Exercise instructions: Leaving the pictures aside, transcribe only and exactly the lines from the one with "조식: 참치샌드위치, 시리얼+우유, 사과, 숭늉, 배추김치" through the end of the entries, both included.

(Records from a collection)
*** Block opens ***
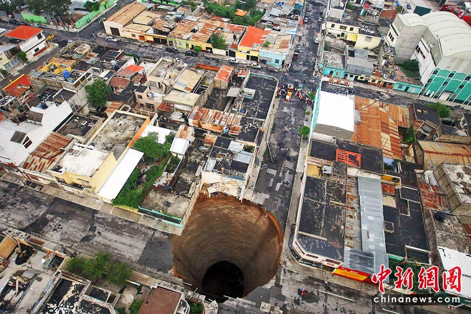 5月31日,受颶風(fēng)“阿加莎”的影響,危地馬拉首都危地馬拉城出現(xiàn)一個(gè)深達(dá)60米塌陷洞,有目擊稱一幢3層建筑墜入洞中,至少造成1人死亡。圖片來源:中國新聞網(wǎng)
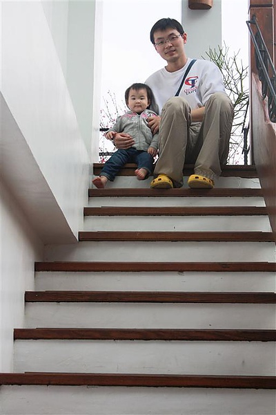 蘋果和爸爸坐在梯廊外欣賞著美麗的風景,
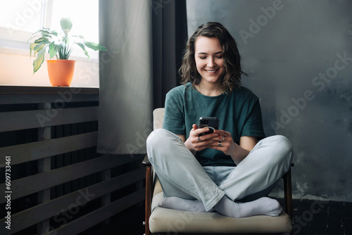 Digital Lifestyle: Young Woman Engages in Communication and Productivity Through Smartphone in the Comfort of Home. A Blend of Study, Work, and Connection in the Digital Age.
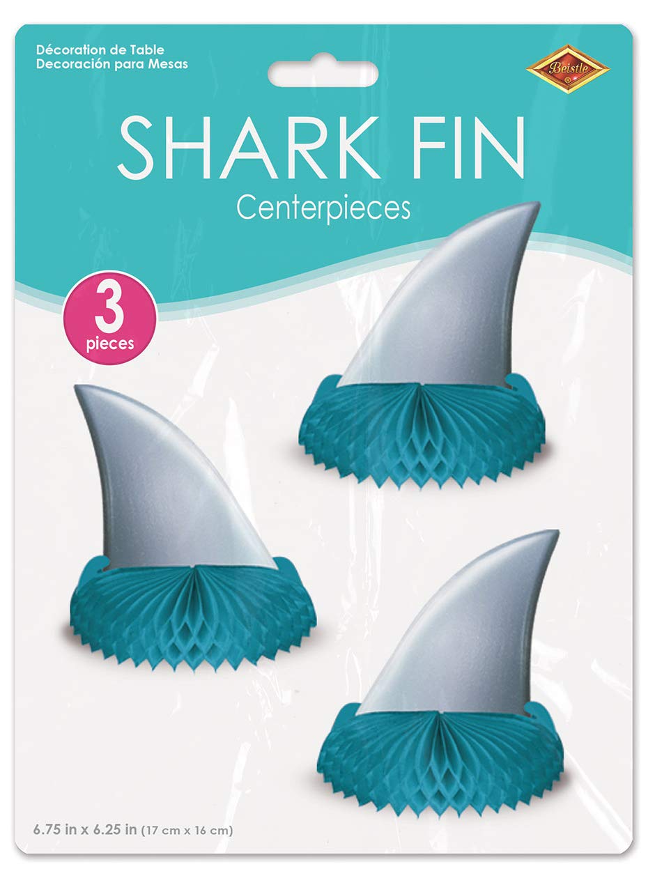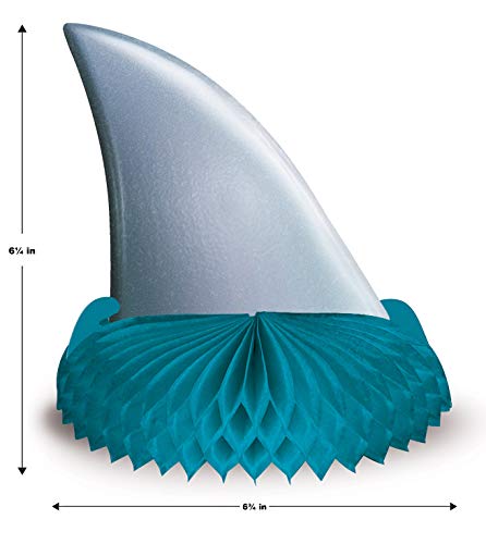 This package contains 3 Shark Fin Birthday Table Centerpieces. Each shark centerpiece measures 6.75 inches tall by 6.25 inches wide. They are made of durable cardstock paper and tissue paper. They make cute centerpiece decorations for a shark theme birthday party.
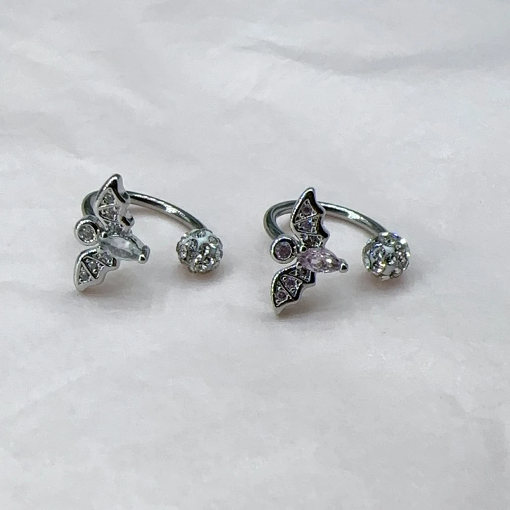 Lunivop 1pc Punk Cool Bat Lip Ring C-shaped Stainless Steel Zircon Labret Piercing Lip Ring Cartilage Fashion Body Jewelry Gifts
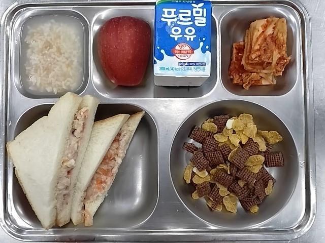 조식: 참치샌드위치, 시리얼+우유, 사과, 숭늉, 배추김치
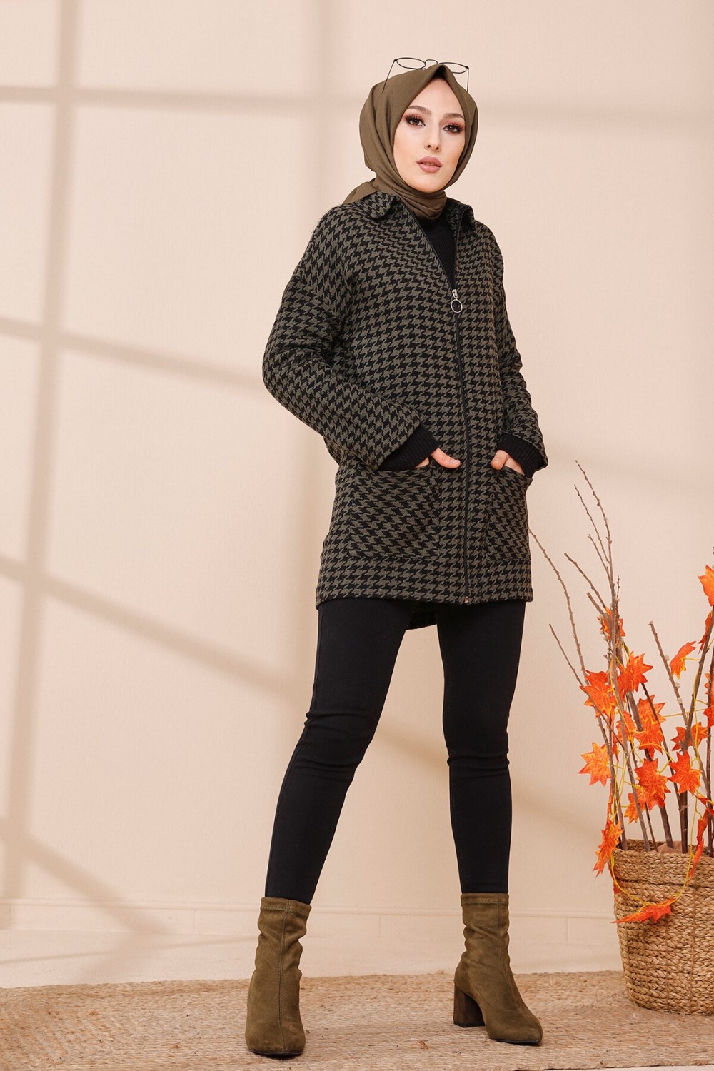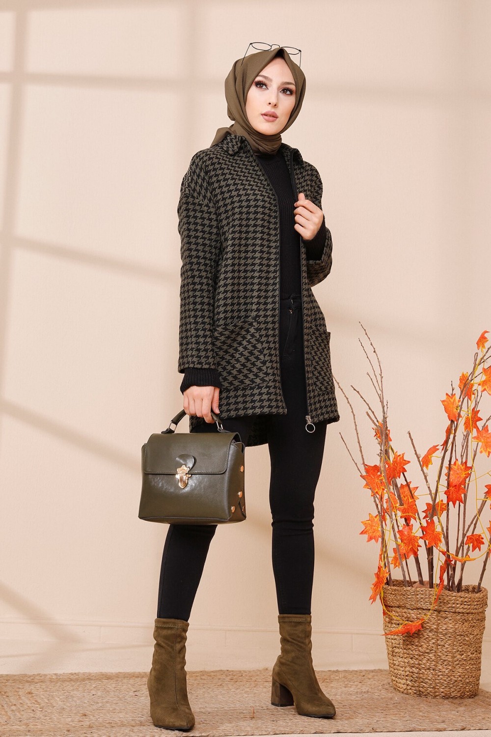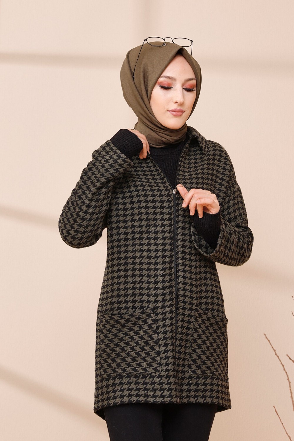 Manteau avec fermeture zip (Veste habillée Modest Fashion) - Couleur kaki Vetement & Accessoire
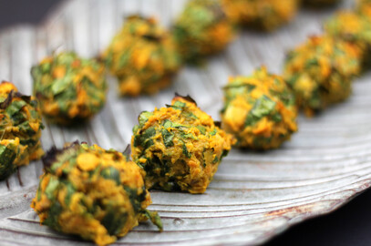Peel, cook and mash the kumara. Cool. Combine with the shallot, ginger, garlic, green chilli, spinach, cumin seeds and egg. Season.
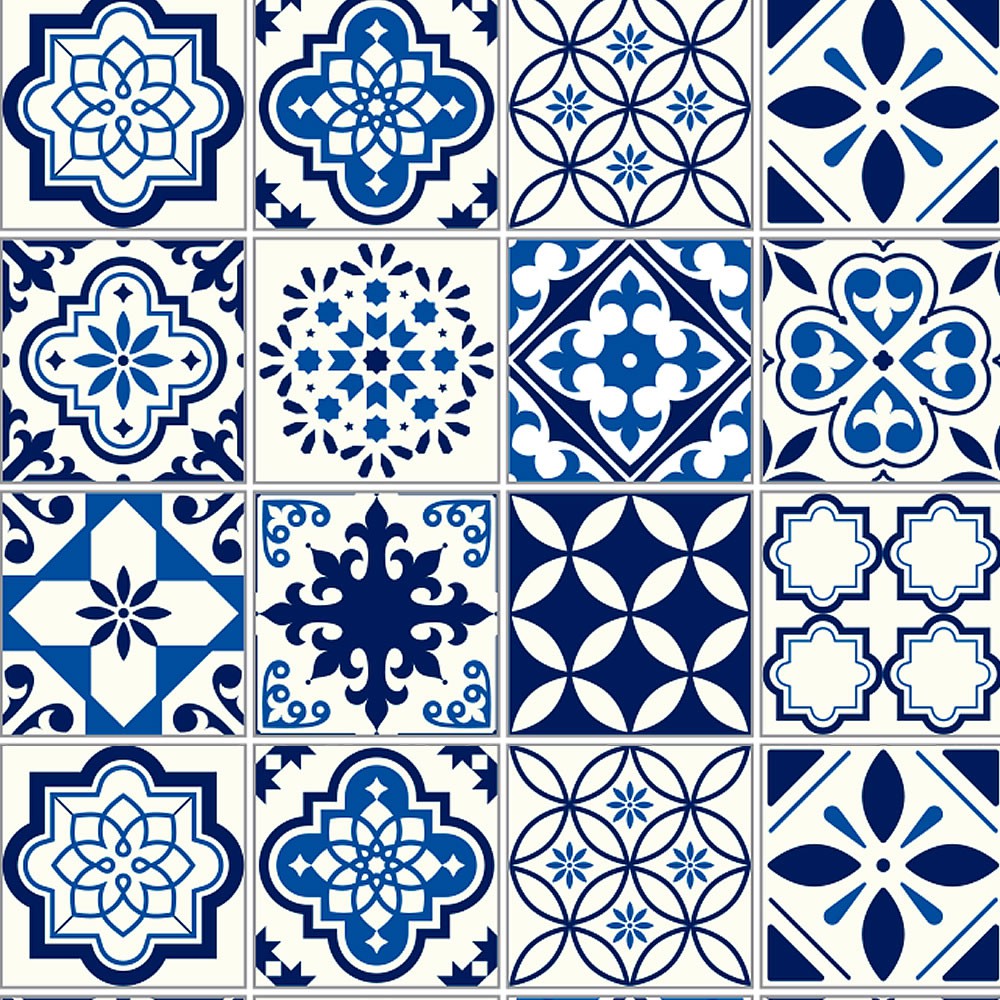 Papel Adesivo De Parede Azulejo Azul 2 Metros Cozinha Lavável
*** Block closes ***
Expected output:
 조식: 참치샌드위치, 시리얼+우유, 사과, 숭늉, 배추김치
 Manteau avec fermeture zip (Veste habillée Modest Fashion) - Couleur kaki Vetement & Accessoire
Peel, cook and mash the kumara. Cool. Combine with the shallot, ginger, garlic, green chilli, spinach, cumin seeds and egg. Season.
 Papel Adesivo De Parede Azulejo Azul 2 Metros Cozinha Lavável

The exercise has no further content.